NOVECENTO A FORLI' (ottava parte)



Donna allo specchio di Cagnaccio san Pietro


Cagnaccio  dopo aver ritratto il  Duce con la melograna, evidentemente cambiò idea sui traguardi del fascismo, in questo quadro del 1927 la donna è disfatta,  una metafora  dell'Italia ancora piacente, la quale si sta imbellettando ma è già una baldracca. Il realismo clinico di questo lavoro è  visto in maniera fredda ed analitica. La  salute di Cagnaccio  si aggravò nel 1940, e trascorse così gli anni della guerra ricoverato a Venezia , dove morì il 29 maggio 1946.  Sicuramente un autore da riscoprire, le sue opere ricordano  Lucian Freud l'artista britannico morto da qualche anno, lo stesso esistenzialismo malato, anche Cagnaccio non è certo un pittore di regime, egli anzi lo denuncia.

 

                                                    Maschere di Antonio Donghi

Antonio Donghi (Roma 1897/1963) apprezzato in Italia proprio per la sua appartenenza  al realismo magico, ebbe i successi più consistenti grazie ai favori dei collezionisti privati e negli Stati Uniti. 
Il termine “realismo magico”, utilizzato anche in letteratura dopo la pubblicazione del romanzo di Marquèz Cent’anni di solitudine, fu coniato dal tedesco Franz Roh e indica quell’elemento soprannaturale, magico e un poco onirico che emerge nella vita di tutti i giorni. La definizione di ciò che in pittura caratterizza il realismo magico la diede lo scrittore Massimo Bontempelli: “precisione realistica dei contorni, solidità di materia ben poggiata sul suolo, e intorno come un’atmosfera di magia che faccia sentire, attraverso un’inquietudine intensa, quasi un’altra dimensione in cui la vita nostra si proietta”.

 
                                                          Giocoliere di Antonio Donghi
Ecco che forse per Antonio Donghi, di carattere schivo nonostante l’arridere dei successi nazionali e internazionali, le figure prese in prestito dal circo e dall’avanspettacolo furono una sorta di magico alter ego   i suoi acrobati, giocolieri e Arlecchini sono soggetti isolati e tuttavia protagonisti unici in un ridotto spazio che li circonda. Il suo successo si basò soprattutto sui favori di affezionati collezionisti che non lo abbandonarono mai, neppure nel periodo dell’immediato dopoguerra, non facile per nessuno, in particolare per il pittore che di lì a poco si trovò suo malgrado invischiato nella lotta astrattisti e realisti.  
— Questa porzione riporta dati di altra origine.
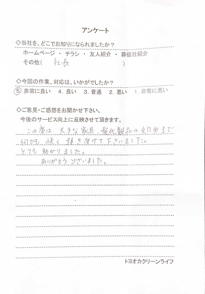 この度は、大きな家具、電化製品の処分まで、何でも快く引き受けて下さいました。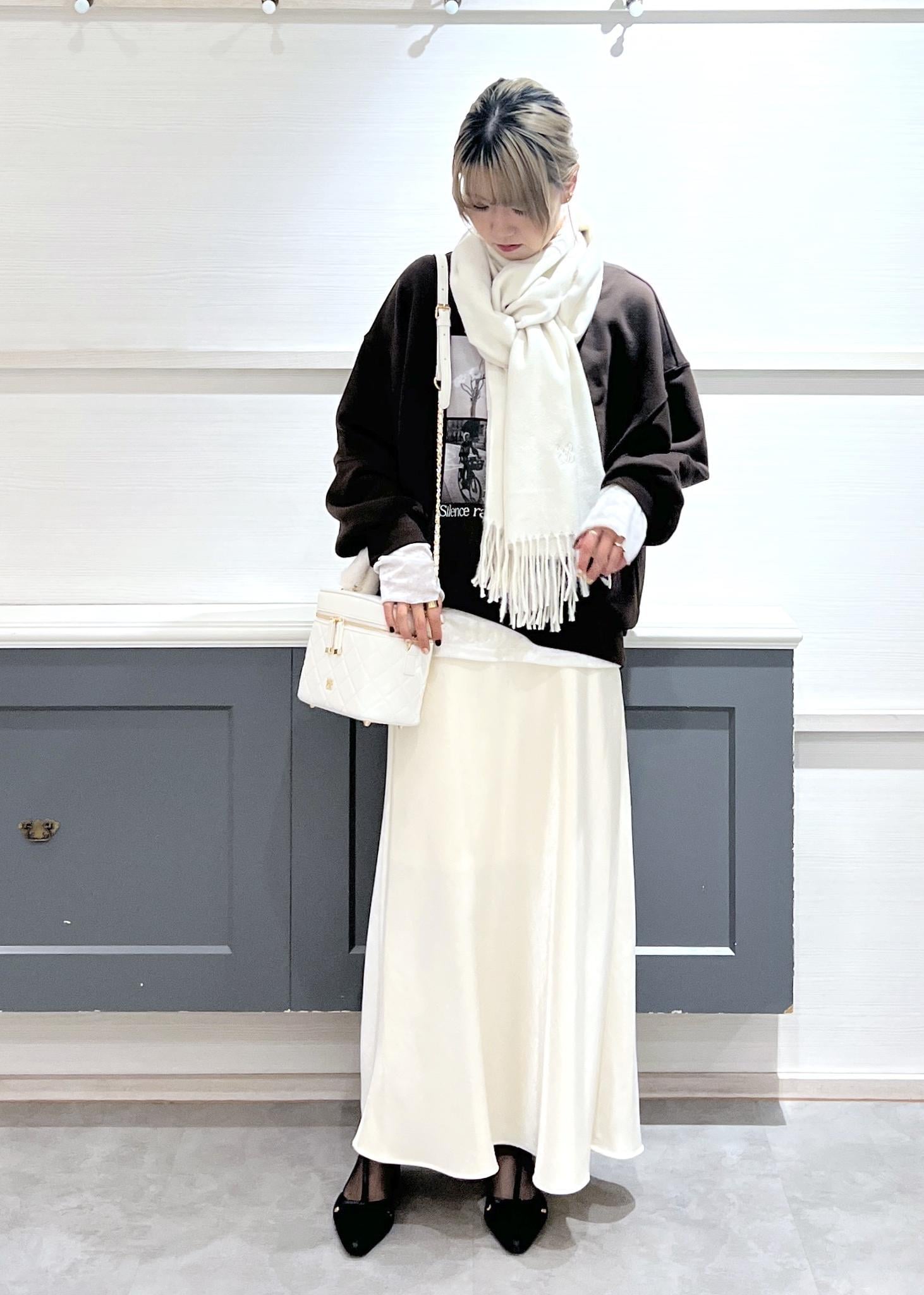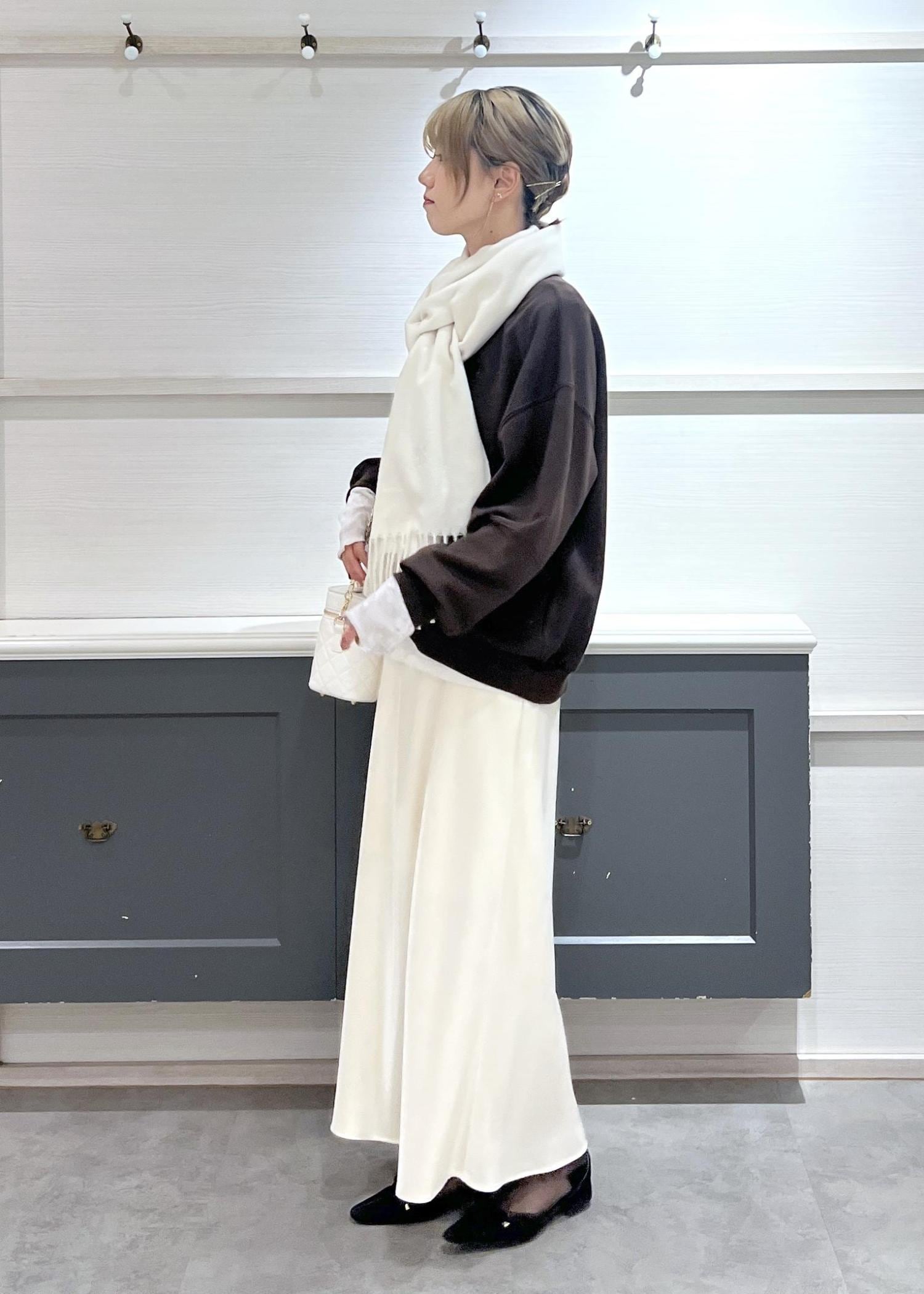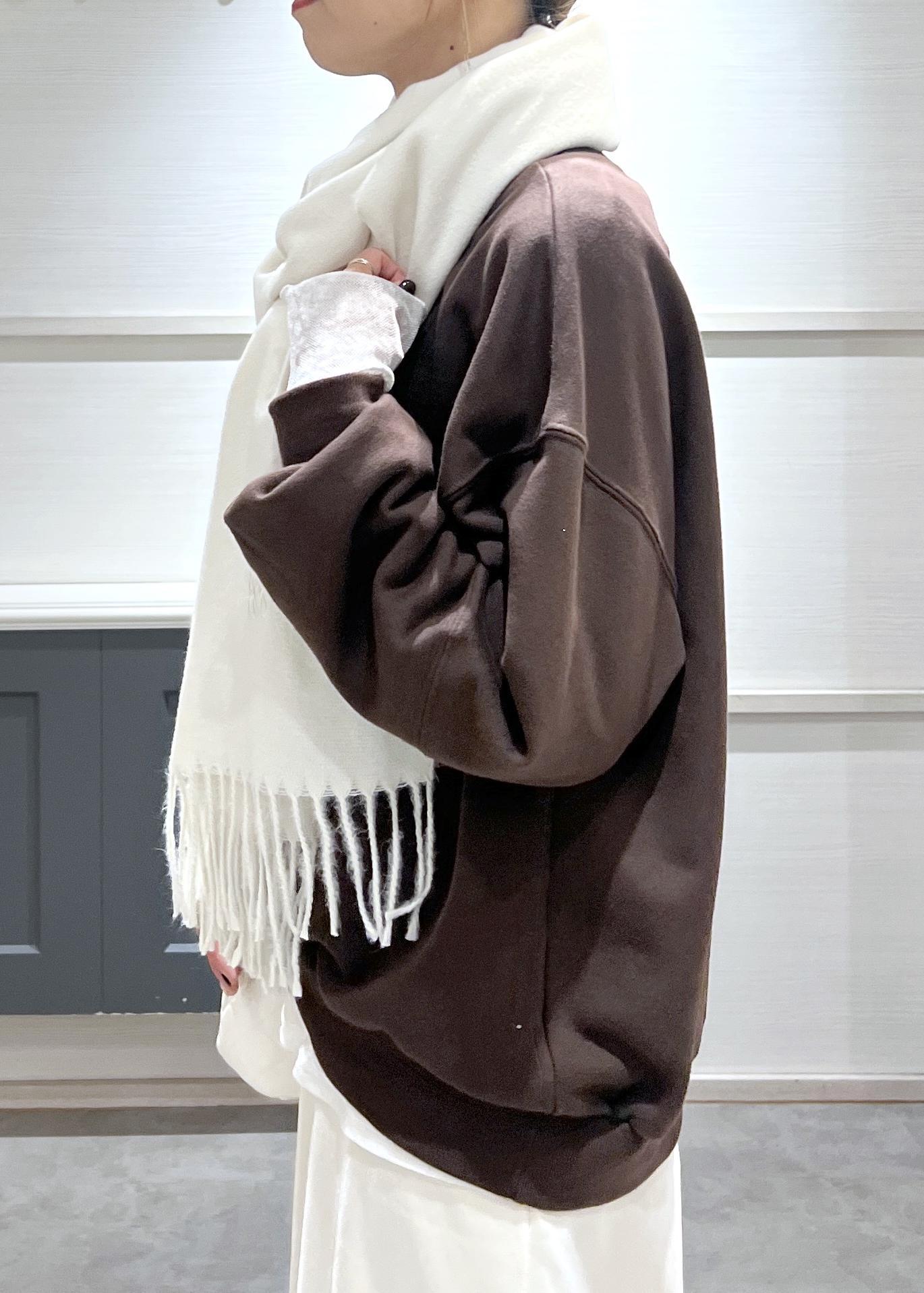 アームホールにゆとりがあるのでシアーインナーやカットソー、ニットタートルなどレイヤードスタイルもおすすめです! -

                                                                    Orizia agli specci di Ferruccio Ferrazzi

Ferruccio Ferrazzi (1891-1978), maestro eclettico del Novecento, primo italiano vincitore del prestigioso Premio Carnegie a New York presieduto da Bonnard. Artista di straordinaria caratura, contemporaneo di pittori come De Chirico, Funi e Morandi, ma a differenza loro conosciuto poco se non pochissimo. Ossequiato nella prima metà del Novecento, dimenticato nel dopo guerra, passato di moda negli Anni Cinquanta divenne quasi ingombrante nel panorama nazionale fino alla morte che diede avvio ad una breve riscoperta durata pochi anni, poi più niente.
Un incomprensibile oblio  che inizio a credere sia più invidia cha altro, perchè Ferrazzi  non è mai ossequioso al potere, non dimentichiamo che sono i critici  che determinano la fama degli artisti e i primi a volte sono pittori mancati e si accaniscono così sui più bravi.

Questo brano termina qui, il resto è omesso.